なお、上記の実施例における金属粉末の粉末合金成分の組成は、以下の考えに基づき設定されたものである。
《Ni成分について》
Niは、含有量(率)が多くなると、Cu-Ni-Siの網目状の組織が生じやすく、マトリクスが強化されるが、20%を超えると、割れが発生しやすくなり、溶着性が低下する。一方で、含有量(率)が少ないと、NiSi(ニッケル珪化物)の形成やAl固溶限の増加によるAlNi化合物の形成が抑制され、クラックを抑制できるが、5%未満ではマトリクスの強化が不十分となるため、燃焼圧等のエンジン負荷に耐えられない。そのため、5.0%〜20.0%の範囲内で、第1金属粉末でのNi量を相対的に少なくし、第2金属粉末でのNi量を相対的に多くする。
《Si成分について》
Siは、含有量(率)が多くなると、Alへの溶着性が向上するが、肉盛層にニッケル珪化物(Ni3Si)等が形成されやすくなり、クラックが生じやすくなるので溶着性向上とクラック生じやすさで相殺される。より詳しくは、2.4%以下では、未溶着が発生しやすくなり、4.0%以上では、Cu-Ni-SiにおいてCu-Ni結晶粒の粒界に形成されたニッケル珪化物(Ni3Si等)が増加するため、延性が低下し、これに基材成分(Al)が固溶限を超えて混入すると粒界に金属間化合物(AlNi等)を形成し、伸びが著しく低下する。
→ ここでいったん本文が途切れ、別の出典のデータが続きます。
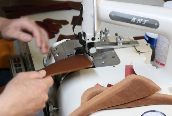 このとき、ミシンなどを使って縫製を行いますが、革と革が重なった部分が厚ければミシン針は刺さらず、縫製することはできません。

また、低いAl濃度でも高い残留引張応力が生じるためクラックを発生しやすくなる。また、0.5%以下ではマトリクスが形成されなくなる。そのため、第1金属粉末でのSi量は、2.4%〜4.0%の範囲内、第2金属粉末でのSi量は、0.5%〜4.0%の範囲内とし、第1金属粉末でのSi量は、第2金属粉末でのSi量以上とする。
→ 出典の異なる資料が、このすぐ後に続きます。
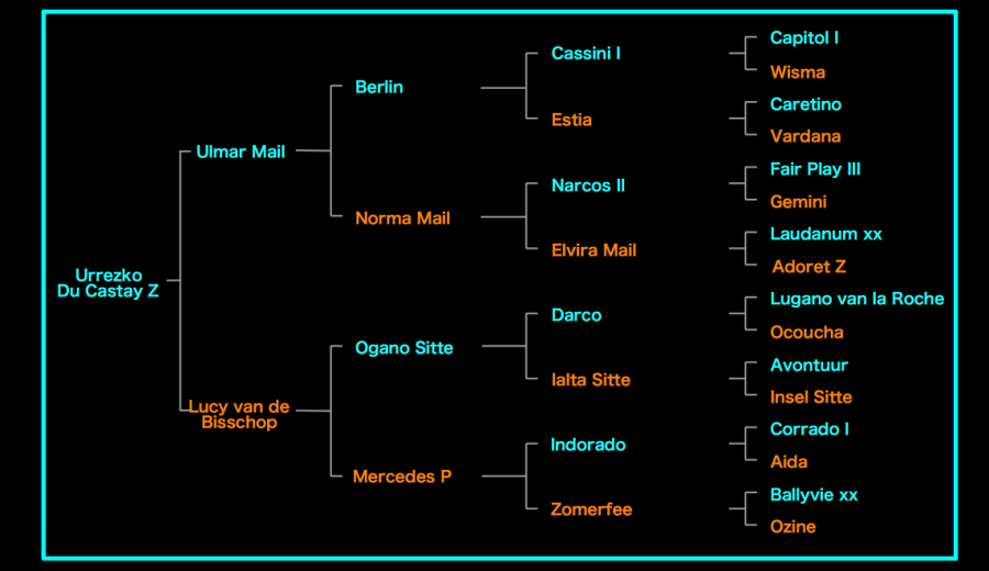 La mère d'Urrezko est Lucy van de Bisschop, une fille de l'étalon belge Ogano Sitte. Ogano Sitte a produit plus de 20 étalons autorisés et de nombreux descendants concurrents à tous les niveaux. Il a été le meilleur père en Belgique en 2007 et 2008. Ses descendants sont notés comme étant très facile à manipuler et rouler. Le grand-père de Lucy est la légende internationale Darco, qui a concouru sous la selle de Ludo Phillipaerts. Darco était n° 1 dans le classement de WBSFH pour une incroyable cinq années successives. Ses fils sous licence comprennent Nonstop, Winningmood, Bamako de Muze, Parco, Darc Rouge, Twister de la Pomme, et il dispose dans les pedigrees des milliers de concurrents à travers l'Europe. La ligne maternelle d'Ogano Sitte comprend le sauteur international Ialta Sitte avec 71 placements et victoires internationaux,, la jument elite Insel Sitte et la grand-mère Gute Sitte, médaillée olympique à Montréal avec Eric Wauters et élu le meilleur cheval de l'année en 1976.

なお、本実験では、第1金属粉末でのSi量を第2金属粉末でのSi量と同じ(3.0%)としているが、例えば、第1金属粉末でのSi量を3.0%、第2金属粉末でのSi量を2.0%などとしても良い。
《Mo成分について》
Moは、含有量(率)が少ないほど溶着性が向上するが、15.0%を超えると溶着性が著しく低下する。また、含有量(率)が多いほど硬質粒子が多く晶出し、耐摩耗性が向上するが、マトリクスに比べて靱性がないため、破断歪が低下してクラックが発生しやすくなる。より詳しくは、3.0%未満の場合は耐摩耗性が低下し、40.0%を超えると硬質粒子が過剰となり靱性が低下し、クラックが発生しやすくなる。そのため、第1金属粉末でのMo量は、0%〜15.0%の範囲内、第2金属粉末でのMo量は、3.0%〜40.0%の範囲内とし、第1金属粉末でのMo量は、第2金属粉末でのMo量未満とする。
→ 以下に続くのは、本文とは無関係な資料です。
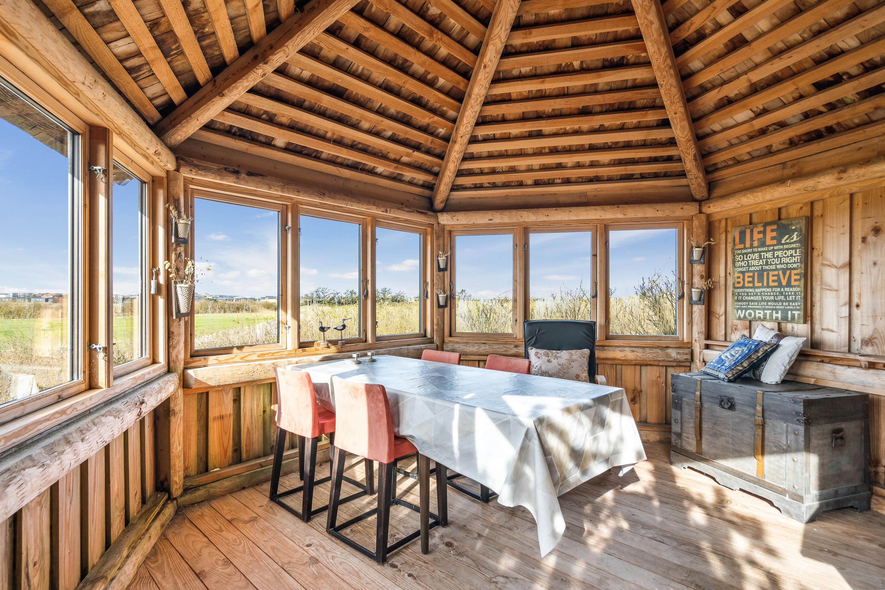 Udendørs kan I tilbringe lange, solrige dage i lysthuset – gemt væk bag ejendommen – med en fantastisk udsigt over golfbanen. Det er det perfekte sted at nyde morgenkaffen eller slappe af med et glas vin, mens I ser solnedgangen over det smukke landskab.

なお、Moはシリコンと結合してシリサイド(一般的には、靱性を有するFe-Mo系のシリサイド)を硬質粒子内に生成し、高温における耐摩耗性と潤滑性とを高める。このシリサイドはCo-Mo系のシリサイドよりも硬さが低く、靱性が高い。Moを主要成分とするシリサイドは、500〜700℃程度の比較的低い温度領域においても、しかも酸素分圧が低い環境においても、Moを主要成分とする固体潤滑性に富む酸化物を生成しやすい。この酸化物は、使用時に銅基のマトリクスの表面を覆い、相手材とマトリクスとの直接接触を避けるのに有利となる。これにより、自己潤滑性が確保される。
《Al成分について》
Alは、含有量(率)が多くなると、強度が向上する。また、基材のAlが希釈して割れやすくなる。より詳しくは、希釈Al成分は最大5%程度であり、割れやすくなり始めるのは9%程度であるので、Al成分が9-5=4%以下であれば、最大希釈した部分においても割れを防止できることになる。また、Al成分が僅かでも入ると引張強度は向上するが、0.08%未満ではNiAlが形成し始める。一方で、12%を上回ると、破断ひずみ(低いと割れやすい)がAl濃度0%の場合を下回ることになる。そのため、第1金属粉末でのAl量は、0%〜4.0%の範囲内、第2金属粉末でのAl量は、0.08%〜12.0%の範囲内とし、第1金属粉末でのAl量を相対的に少なくし、第2金属粉末でのAl量を相対的に多くする。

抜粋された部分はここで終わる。